Seeing as my list of Star Wars films has spread wider than I anticipated (at least it hasn't broken the internet quite as badly as the Princess-Leia-has-a-PhD tweet...), and I’ve been asked lots of questions about methodology, here’s a brief overview of how I arrived at these figures. As with all research, it's been labour intensive and I've had to make some tricky and imperfect decisions, especially as I'm trying to create quantitative data from qualitative. Here's the logic behind it, which forms just one aspect of my research project.
First off, I want to make clear that these are based on rough cuts of the remastered original trilogy, and prequels, sequels and spin-offs (i.e. what Disney now call ‘canon’ – sorry, no Holiday Special or ewok movies). I’ve edited the men out of the films as much as possible (more on this in a moment) but there are still sequences that need refining and further edits, so, if anything, the percentages of women’s screen time will likely go down as I trim excess male dialogue and reaction shots for a final cut. In my definition of ‘screen time’ for women I’ve tried to be as consistent as possible, although this is often challenging. I’ve only counted women with speaking parts because having the ability to say something and contribute to the story, and not serving as a visual object, is important. However, if a woman with a speaking part is onscreen and not speaking, and neither is a man, I’ve kept the footage. Consequently, you get a lot of reaction shots of Leia or Jyn not doing much but being the only character in the frame. When men are speaking and a woman is onscreen, I’ve made a value judgement about whether she’s central to the action (or not) at that moment in the story. Sadly, especially in Padme’s case, she’s quite often just kind of ‘there’. She really does get a rough deal. I have kept in as much footage as possible of planets, establishing shots and landscapes, as well as ships and battles (no, a ship does not count as female because humans have an annoying and sexist habit of gendering vehicles. A ship is a ship and it doesn’t have a gender. One day, let’s hope we all get to be more like ships). Initially I was going to cut a lot of the space dogfights because we know it’s men piloting the X-wings, etc. But by removing men from the rest of the films, it opens up the possibility that when we can’t see inside the vehicles there is a woman, non-binary or gender-neutral pilot. So, these sequences stayed.

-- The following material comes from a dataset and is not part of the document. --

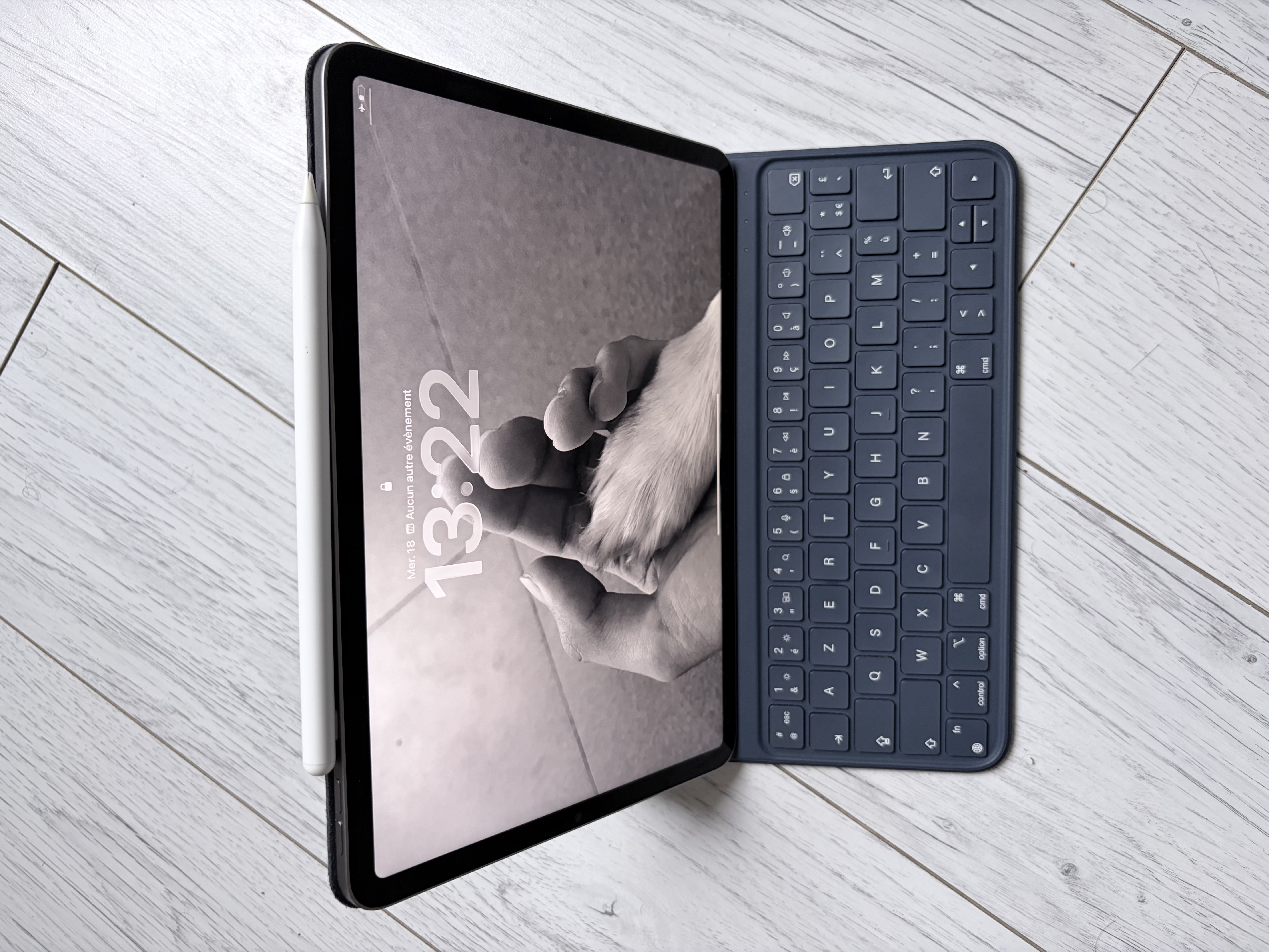 En su caja de origen, con una funda teclado y un lápiz.
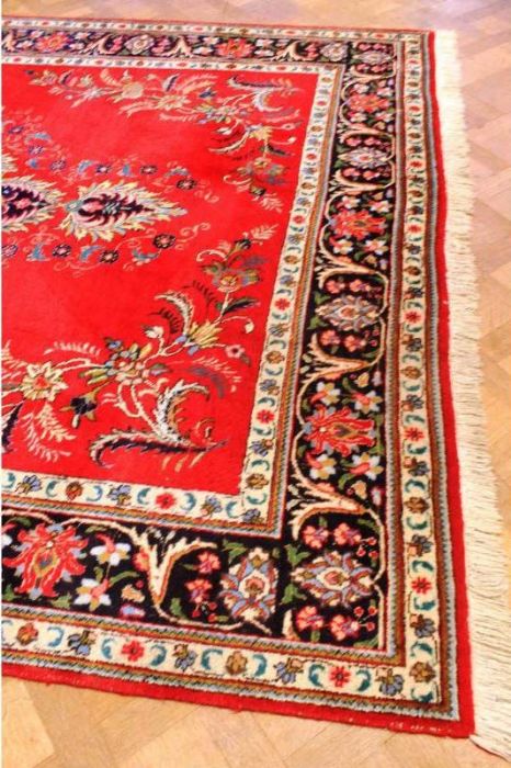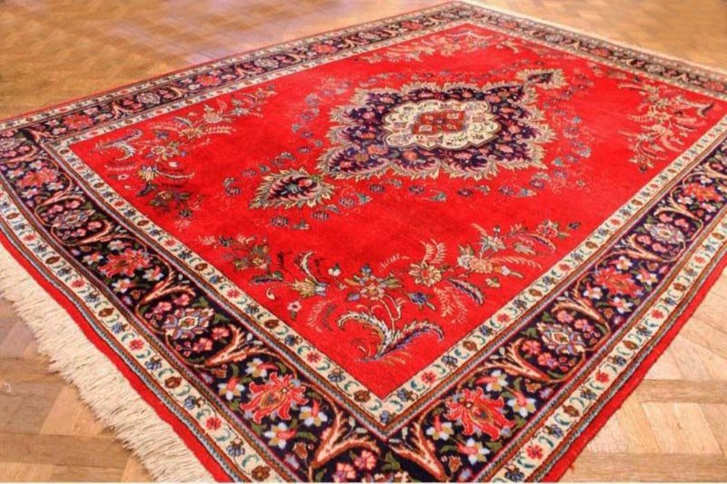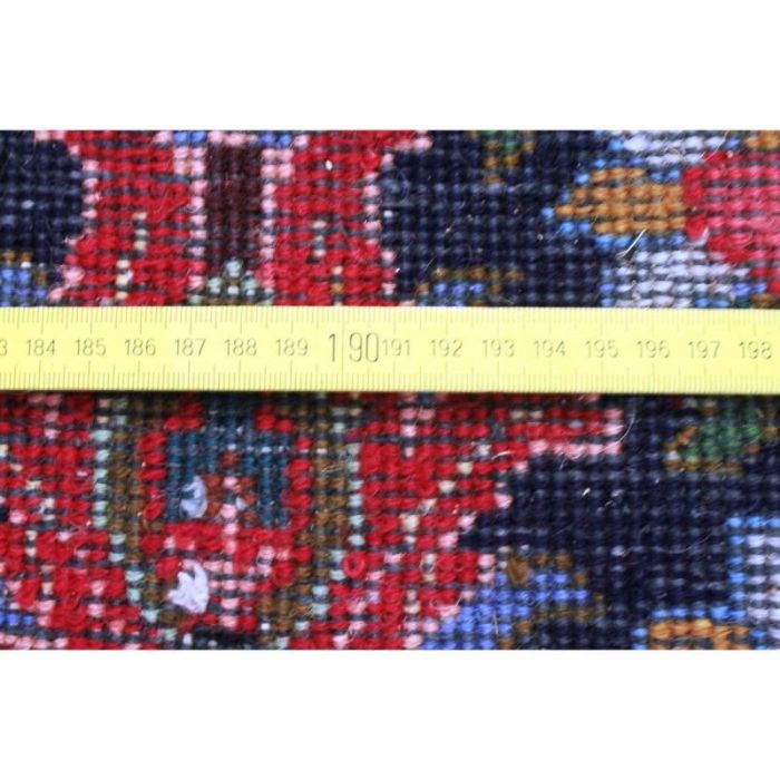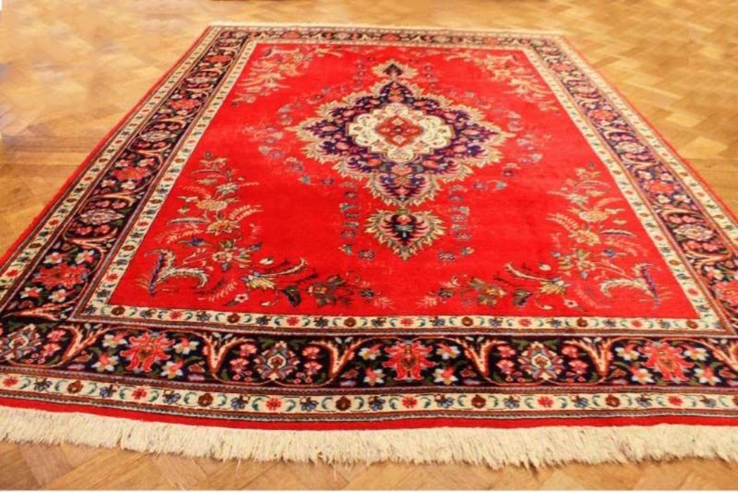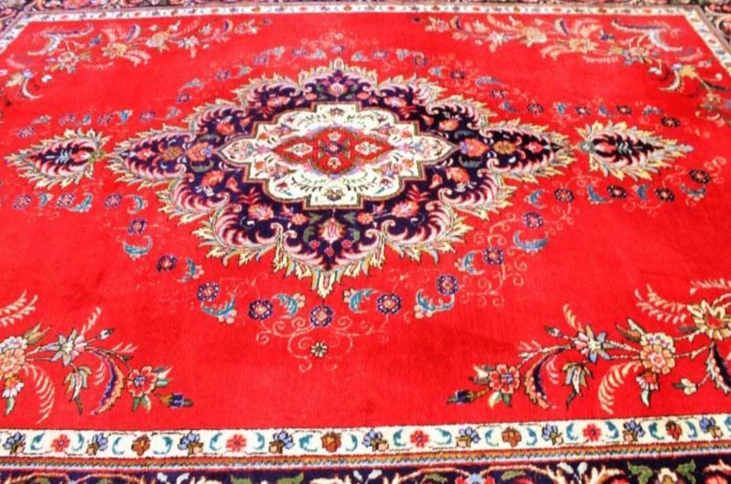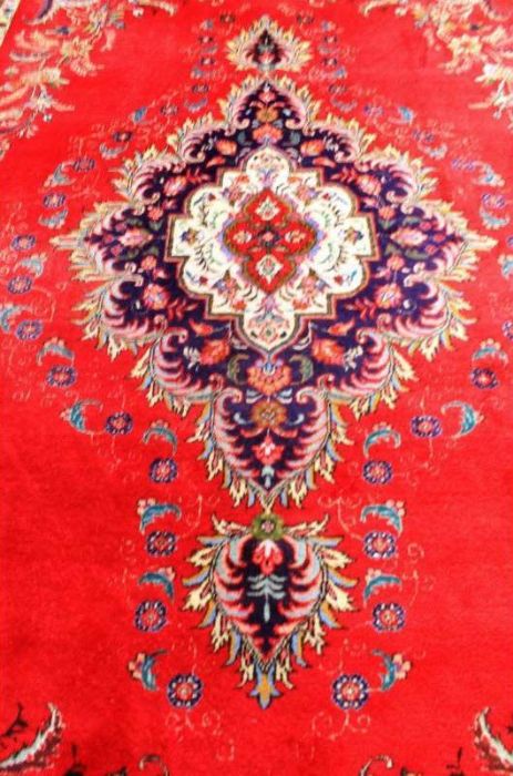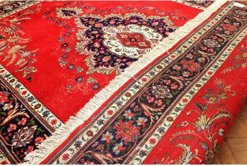 Antico TABRITZ floreale caratterizzato da decori naturalistici che circondano una campitura interna in vivacissimo “rosso cardinale” con caratteristico rosone centrale concentrico a forma di rombo. Annodato completamente a mano, in purissima lana con trama e ordito in cotone e con bordature e frange ben conservate. Il tappeto ha circa 70 anni.

I’ve also been asked a lot about droids and aliens. Almost every character in the Star Wars universe is gendered by the franchise. Threepio, Artoo and BB-8 are programmed ‘male.’ L3 is programmed ‘female.’ And, as L3 confirms for us in Solo, droids are sentient – hence droids can have genders (but the computer on the Falcon, which is not sentient, does not).
The wampa on Hoth is, apparently, male, so he goes in my cut. Mynocks, which are parasites and reproduce by splitting in two, could be gender neutral, so they stay. When animals appear in herds or packs containing two genders (for example, porgs and vulptex) I’ve left them in because there are limited hours in the day, life is short, and no, even I’m not nerdy enough to sit and work out which porgs have male or female eye-feathers. When in doubt about droids or aliens, I’ve referred to the Star Wars site, Wookieepedia, interviews with filmmakers, and evidence in the text such as gendered pronouns. There are further things to be said about the quality of women’s representation in the films, which I’m addressing in an audiovideo essay and my book. For a start, while women’s screen time improves as the number of women’s speaking parts goes up, the films don’t necessarily get better over time—see the prequels—and even the sequels and spin-offs barely pass the Bechdel test because women characters often inhabit the screen with men. The notion that women can have meaningful conversations with one another about something other than male characters is most apparent in The Last Jedi… but you can still count these exchanges on one hand. In future, I’ll be working on stats about the screen time for women of colour (my sense is that only the two sequels and Solo will produce significant results, and even these will be awfully low). My hope is that by telling you the odds of women being onscreen in Star Wars, we can keep having useful conversations about identity and representation in the franchise.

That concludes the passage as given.